CUA-Suite:面向計算機使用代理的大規模人工標註影片示範數據集
CUA-Suite: Massive Human-annotated Video Demonstrations for Computer-Use Agents
March 25, 2026
作者: Xiangru Jian, Shravan Nayak, Kevin Qinghong Lin, Aarash Feizi, Kaixin Li, Patrice Bechard, Spandana Gella, Sai Rajeswar
cs.AI
摘要
電腦使用代理(CUA)在自動化複雜桌面工作流程方面前景廣闊,但通用型代理的發展正面臨高質量連續人類示範影片稀缺的瓶頸。近期研究強調,連續影片(而非稀疏截圖)是擴展這類代理規模的關鍵缺失要素。然而現有最大開源資料集ScaleCUA僅包含200萬張截圖,相當於不足20小時的影片時長。為突破此瓶頸,我們推出CUA-Suite——一個針對專業桌面電腦使用代理的大規模專家示範影片生態系與密集標註集。其核心VideoCUA提供涵蓋87種多樣應用的約1萬項人類示範任務,包含30 fps連續螢幕錄影、動態游標軌跡及多層次推理標註,總計約55小時600萬幀專家級影片。有別於僅記錄最終點擊座標的稀疏資料集,這些連續影片流完整保留了人類互動的時序動態,構成可無損轉換為現有代理框架所需格式的資訊超集。CUA-Suite進一步提供兩項互補資源:用於評估CUA基礎能力與規劃效能的嚴謹基準測試UI-Vision,以及包含5.6萬張標註截圖、逾360萬個UI元件標註的大規模基礎資料集GroundCUA。初步評估顯示,現有基礎動作模型在專業桌面應用中表現嚴重不足(任務失敗率約60%)。除評估功能外,CUA-Suite豐富的多模態語料庫更支援新興研究方向,包括通用型螢幕解析、連續空間控制、基於影片的獎勵建模及視覺世界模型。所有資料與模型均已開源釋出。
English
Computer-use agents (CUAs) hold great promise for automating complex desktop workflows, yet progress toward general-purpose agents is bottlenecked by the scarcity of continuous, high-quality human demonstration videos.
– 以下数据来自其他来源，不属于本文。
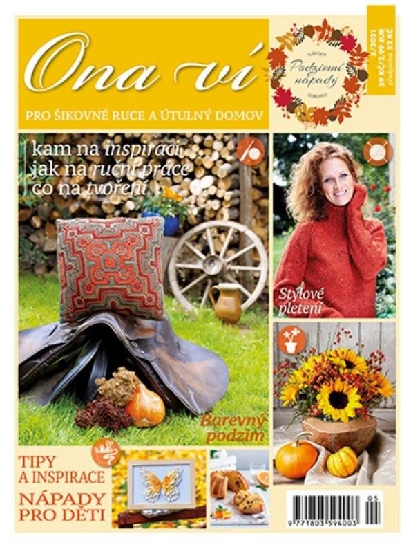 Časopis ona vie 5/2021 je kreatívny výtlačok plný jesenných nápadov. Jesenné dekorácie, báječné dobroty, patchwork, pletenie, tvorenie papierových zvieratiek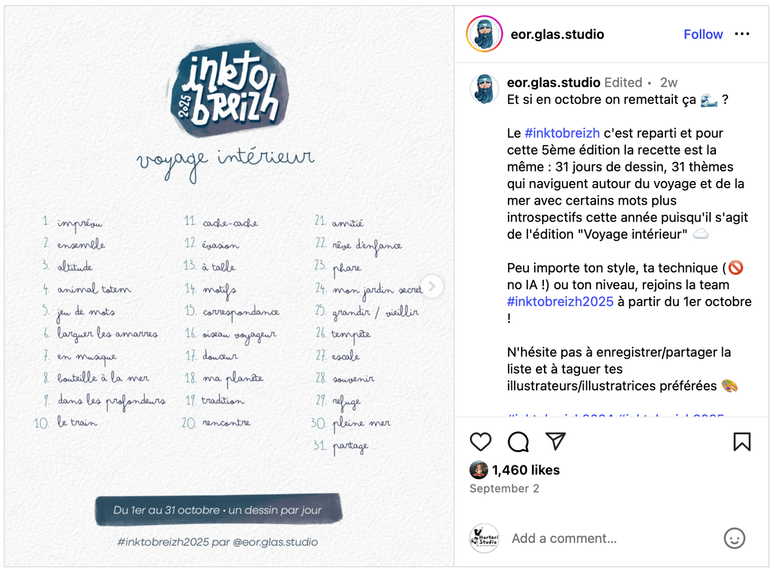 And finally, taking part in Breizhtober 🎉: this is an art challenge inspired by Inktober (one drawing per day throughout October, based on prompts). I took part last year, but this time the official prompts inspired me less. So I chose the list created by Eor Glass (see the post here), centered on inner journeys, with the freedom to use watercolor, paint, digital media… It’s going to be a rush, but I know I’ll love it 🤩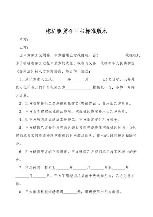 3. 租金及付款方式:明确挖机的租金标准和付款方式,例如按月或按天支付,是否需要预付等。

Recent work emphasizes that continuous video, not sparse screenshots, is the critical missing ingredient for scaling these agents. However, the largest existing open dataset, ScaleCUA, contains only 2 million screenshots, equating to less than 20 hours of video. To address this bottleneck, we introduce CUA-Suite, a large-scale ecosystem of expert video demonstrations and dense annotations for professional desktop computer-use agents. At its core is VideoCUA, which provides approximately 10,000 human-demonstrated tasks across 87 diverse applications with continuous 30 fps screen recordings, kinematic cursor traces, and multi-layerfed reasoning annotations, totaling approximately 55 hours and 6 million frames of expert video. Unlike sparse datasets that capture only final click coordinates, these continuous video streams preserve the full temporal dynamics of human interaction, forming a superset of information that can be losslessly transformed into the formats required by existing agent frameworks. CUA-Suite further provides two complementary resources: UI-Vision, a rigorous benchmark for evaluating grounding and planning capabilities in CUAs, and GroundCUA, a large-scale grounding dataset with 56K annotated screenshots and over 3.6 million UI element annotations. Preliminary evaluation reveals that current foundation action models struggle substantially with professional desktop applications (~60% task failure rate). Beyond evaluation, CUA-Suite's rich multimodal corpus supports emerging research directions including generalist screen parsing, continuous spatial control, video-based reward modeling, and visual world models. All data and models are publicly released.